From Jean-Marc Spaggiari <jean-m...@spaggiari.org>
Subject Re: Timestamp as a key good practice?
Date Thu, 14 Jun 2012 10:39:43 GMT
Wow! This is exactly what I was looking for. So I will read all of that now.

Need to read here at the bottom: https://github.com/sematext/HBaseWD
and here: http://blog.sematext.com/2012/04/09/hbasewd-avoid-regionserver-hotspotting-despite-writing-records-with-sequential-keys/



2012/6/14, Otis Gospodnetic <otis_gospodnetic@yahoo.com>:
> JM, have a look at https://github.com/sematext/HBaseWD (this comes up
> often.... Doug, maybe you could add it to the Ref Guide?)
> Otis
> ----
> Performance Monitoring for Solr / ElasticSearch / HBase -
> http://sematext.com/spm
>> From: Jean-Marc Spaggiari <jean-marc@spaggiari.org>
>>To: user@hbase.apache.org
>>Sent: Wednesday, June 13, 2012 12:16 PM
>>Subject: Timestamp as a key good practice?
>>I watched Lars George's video about HBase and read the documentation
>>and it's saying that it's not a good idea to have the timestamp as a
>>key because that will always load the same region until the timestamp
>>reach a certain value and move to the next region (hotspotting).
>>I have a table with a uniq key, a file path and a "last update" field.
>>I can easily find back the file with the ID and find when it has been
>>But what I need too is to find the files not updated for more than a
>>certain period of time.
>>If I want to retrieve that from this single table, I will have to do a
>>full parsing of the table.
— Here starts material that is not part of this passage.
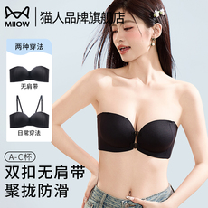 猫人前扣抹胸粉底液内衣女小胸聚拢显大隐形防滑无肩带裹胸文胸罩

Which might take a while.
>>So I thought of building a table to reference that (kind of secondary
>>index). The key is the "last update", one FC and each column will have
>>the ID of the file with a dummy content.
>>When a file is updated, I remove its cell from this table, and
>>introduce a new cell with the new timestamp as the key.
>>And so one.
>>With this schema, I can find the files by ID very quickly and I can
>>find the files which need to be updated pretty quickly too. But it's
>>hotspotting one region.
> >From the video (0:45:10) I can see 4 situations.
>>1) Hotspotting.
>>2) Salting.
>>3) Key field swap/promotion
>>4) Randomization.
>>I need to avoid hostpotting, so I looked at the 3 other options.
>>I can do salting. Like prefix the timestamp with a number between 0
>>and 9. So that will distribut the load over 10 servers. To find all
>>the files with a timestamp below a specific value, I will need to run
>>10 requests instead of one. But when the load will becaume to big for
>>10 servers, I will have to prefix by a byte between 0 and 99? Which
>>mean 100 request? And the more regions I will have, the more requests
>>I will have to do. Is that really a good approach?
>>Key field swap is close to salting. I can add the first few bytes from
>>the path before the timestamp, but the issue will remain the same.
>>I looked and randomization, and I can't do that. Else I will have no
>>way to retreive the information I'm looking for.
>>So the question is. Is there a good way to store the data to retrieve
>>them base on the date?